Suggestions for UK Policies on RD&D and Innovation in the Field of Low Carbon Technologies

  Innovation thus holds the key both to enabling us to address the climate change problem and to reducing the costs of doing so. It is in this respect that current UK policies are seriously deficient, and that we are in need of a major new initiative to resuscitate our policies toward energy RD&D and innovation.

  With the exception of RD&D in the leading oil and gas companies, energy research, both public and private, experienced a serious—more than ten-fold—decline since privatisation of the electricity, gas and coal industries in the late 1980s. By 1998 we had fallen to the absolute bottom of the international league, with our public expenditures per capita on energy RD&D having fallen to one tenth of the OECD average, and one eighth of that of the USA. The Research Councils report that only one in four applications are funded on account of shortage of resources, many researchers do not submit applications given such a high probability of rejection and the time and effort entailed, and many projects that are financed are under funded. Can it be that UK researchers are so poor that only one-in-five (perhaps less) deserve to have their research fully funded? Surely our track record suggests not. But there can be little doubt that the funding of energy research in the UK is in crisis, and falls far short of what is needed to address the problems ahead.

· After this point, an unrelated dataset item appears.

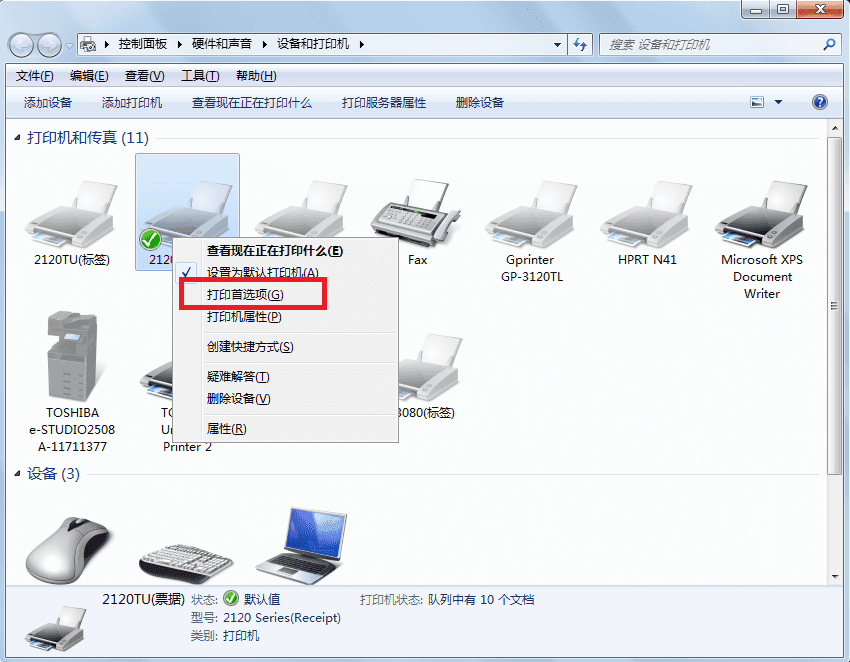 (2)Windows7系统设置方法:控制面板——设备和打印机——选择2120TU(标签)点击鼠标右键——打印首选项——设置参数(如图)——确定

  Furthermore, with the important exception of the oil and gas majors, the Committee has found that the private sector is not making up the deficit. The electricity companies in particular are putting little effort into R&D. Ofgem has washed its hands of the issue, aside from its administration of the Renewables Obligation, contenting itself with cost efficiency and leaving all long-term matters regarding energy and the environment to others and to policies imposed on it by the Government.

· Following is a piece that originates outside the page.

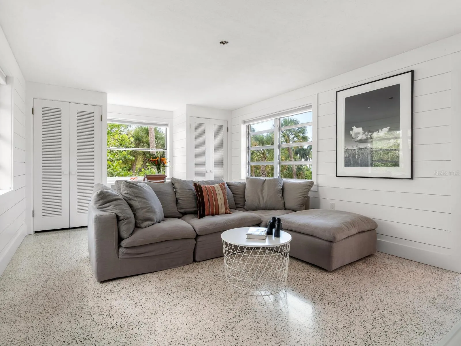 +"PublicRemarks": "Photos 1–3 showcase preliminary renderings of a proposed architectural concept for this exceptional property. Envisioned as a modern coastal retreat, the design celebrates the relaxed luxury of mid-century architecture while maximizing the natural beauty of its surroundings. This residence is a modern coastal retreat set on over an acre and blends luxury with the charm of mid-century design. Enjoy the property just as it is or explore the endless possibilities for building your dream home or compound to take advantage of endless water and sunsets views. This residence greets you with an expansive circular shell stone driveway, offering a grand approach to the home. Upon arrival, you’re welcomed into an open entryway that flows into the main living areas. The living room offers a relaxed setting with terrazzo floors, built-in shelving, a large picture window, and a cozy fireplace framed by shiplap accent walls. Tri-fold glass doors open to a bright Florida room, also with terrazzo floors, creating seamless indoor-outdoor living. A distinctive concrete wall separates the space from the dining area with built-in bar seating. The kitchen features custom soft-close cabinetry, quartzite countertops, and Bosch appliances—including a gas cooktop, oven, refrigerator, and dishwasher—framed by large windows with peaceful lagoon views. Outside, enjoy a shell-crete pool deck with ample room for lounging and dining. A heated pool, shuffleboard court, and firepit seating area complete the inviting outdoor space. Upstairs, a flexible bonus room includes built-in closets, water-view windows, and a full bath with a tub/shower, vanity, and stylish tile. Step out to the rooftop deck with panoramic views of the pool, grounds, and Heron Lagoon. The primary suite offers high beamed ceilings, shell-crete floors, sliding glass doors to a private lagoon-view deck, and an en-suite bath with a floating dual-sink vanity, glass walk-in shower, private water closet, and linen closet. A custom walk-in closet with built-ins and soft-close drawers completes the suite. Two guest bedrooms, a full guest bath, a butler’s pantry, spacious laundry room, and half bath round out the main level. Despite being impacted by the 2024 hurricanes, the house and property have recovered quickly. The Sanderling Club has released renderings that envision a new era for its historic clubhouse and private waterfront setting. The Miami-based architectural firm STRANG has designed a new residence for the expansive site. The elevated design highlights the opportunity for tremendous Gulf views. The property’s unique setting amidst Heron Lagoon and the Gulf of Mexico allows for stunning vistas of sunrises and sunsets. This property is one of the largest lots on Heron Lagoon in Sanderling – prime for redevelopment as it would offer amazing views and is large enough to accommodate a significant home/compound. The property is located minutes from Siesta Key’s crystal quartz sand beaches and Siesta Village for shopping and restaurants. Culturally rich downtown Sarasota restaurants, theater, ballet, opera, museums, galleries, and shopping are a short drive away."

  Recent efforts by the Government have begun to claw back some of the ground lost, of which we would cite the establishment of the Carbon Trust, the Renewables Obligation, the work of the Energy Savings Trust, the capital support programme for renewable energy announced by the Prime Minister 18 months ago, and the Climate Change Levy. The institutional and to some extent the financial framework is being put in place, and our research community remains in the first rank. Thus there is a lot to build on.

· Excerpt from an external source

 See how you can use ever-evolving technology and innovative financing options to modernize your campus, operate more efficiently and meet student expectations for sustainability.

  In terms of policy initiatives to support RD&D I would suggest the following:

  1.  Transform the climate change levy (CCL) into a carbon tax, from which all non-carbon sources would be exempt. Currently it takes the form of an energy tax, and provides little or no incentive for the development of non-carbon energy forms.

  2.  Hypothecate more of the revenues from the CCL (if it is retained), or from a carbon tax (if it were to replace the CCL), to support all stages of the innovation cycle, namely to support:

    —  Energy RD&D in the form of direct grants and tax incentives. In the case of the Research Councils, the goal should be to raise the acceptance rates of projects funded to at least one in two, and to provide more core funding.

    —  Tax incentives for innovation and commercialisation of promising options.

    —  Public procurement programmes for innovative products and services.

    —  Education and training in energy and the environment.

    —  Fostering international collaboration on innovative technologies, not least with developing countries.

  3.  Require electricity and gas market regulation via Ofgem to establish a supportive framework for innovation and RD&D toward the new "climate friendly" technologies. This might possibly be done through allocation of some revenues generated by the Renewables Obligation Certificates, though there are other mechanisms.

  The resources would be forthcoming, without the need to appeal to the Treasury, if we were to change the incentive structures. The former Non-Fossil Fuel Obligation for example generated around £1 billion per year in the 1990s, of which 90% went to nuclear power and 10% to renewable energy. I would not advocate returning to this programme, which at the time had merits, even less allocating resources in this way again. What it and our experiences with the Climate Change Levy have shown, however, is that substantial resources can be generated through relatively minor levies, which as I have noted would be better placed on carbon than on energy. Such resources, allocated through the incentive systems discussed, would put the UK a position of unquestioned leadership in international efforts to tackle the problems posed by climate change, and it would also open up immense commercial opportunities for UK industry and commerce.